— …но позвольте мне заметить, что совершенно незачем входить в эти подробности, — докончила миссис Марклегем.
— Мама, никто, кроме моего мужа, не может судить об этом, — заявила Анни, не сводя глаз с лица доктора, — а он выслушает меня. Если же я скажу то, что вам больно будет слышать, мама, простите меня. Сама ведь я часто и подолгу страдала.
— Честное слово… — пробормотала миссис Марклегем.
— Когда я была очень юной, — начала Анни, — когда я была еще маленькой девочкой, мои первые сведения обо всем окружающем меня я почерпнула от терпеливого друга и учителя — друга моего покойного отца. Ничего я не могу вспомнить из того, что я знаю, не вспомнив об этом дорогом для меня человеке. И эти знания, думается мне, не были бы для меня таким благом, получи я их из каких-либо других рук.

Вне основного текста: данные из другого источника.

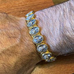 Святые изображены серебром на черненом фоне в изящных овалах. Это придает браслету дополнительное изящество.
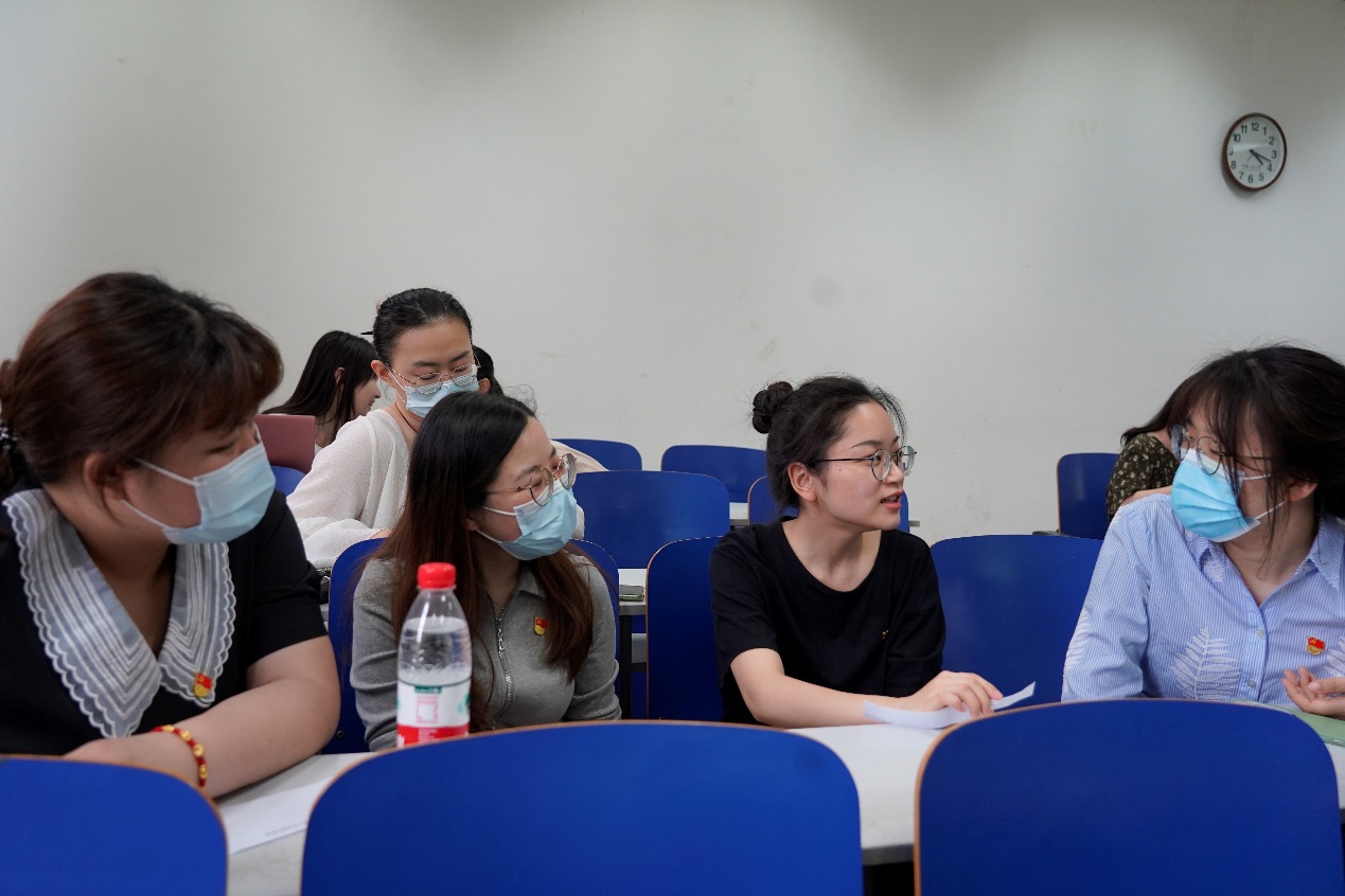 在党课分享结束之后,为加深支部成员对党课学习内容的理解,主持人设置了四个议题由八个小组两两进行讨论,并邀请每个小组派代表进行分享展示。

— Видите, она ни во что не ставит свою мать! — воскликнула миссис Марклегем.
— Это не так, мама, — сказала Анни, — но я отдаю ему должное. Я обязана сделать это. Кода я выросла, он для меня был все тем же. Я гордилась, что он интересуется мной. Я была глубоко, нежно, благодарно привязана к нему, Я смотрела на него, как на отца, руководителя. Похвала его была мне дороже всех похвал, а вера в него была так глубока, что, усомнись я во всех на свете, я не переставала бы верить ему. Вы сами знаете, мама, как я была молода и неопытна, когда вы неожиданно представили его мне в качестве жениха.
— И об этом говорила всем здесь по крайней мере пятьдесят раз, — заметила миссис Марклегем.
— Тогда молчите, ради бога, и не упоминайте больше об этом! — проворчала бабушка.
— Это являлось такой огромной переменой и в первый момент казалось мне такой утратой, — рассказывала Анни все тем же тоном, — что я волновалась и мучилась. Была я еще девочкой, и мне, видимо, жаль было своего привычного отношения к нему. Но ничто уже не могло вернуть прошлого. Я все-таки гордилась тем, что он счел меня достойной себя, и мы повенчались…
— В церкви святого Альфонса в Кентербери, — вставила миссис Марклегем.
— Чорт возьми эту женщину! — воскликнула бабушка. — Она никак не может успокоиться!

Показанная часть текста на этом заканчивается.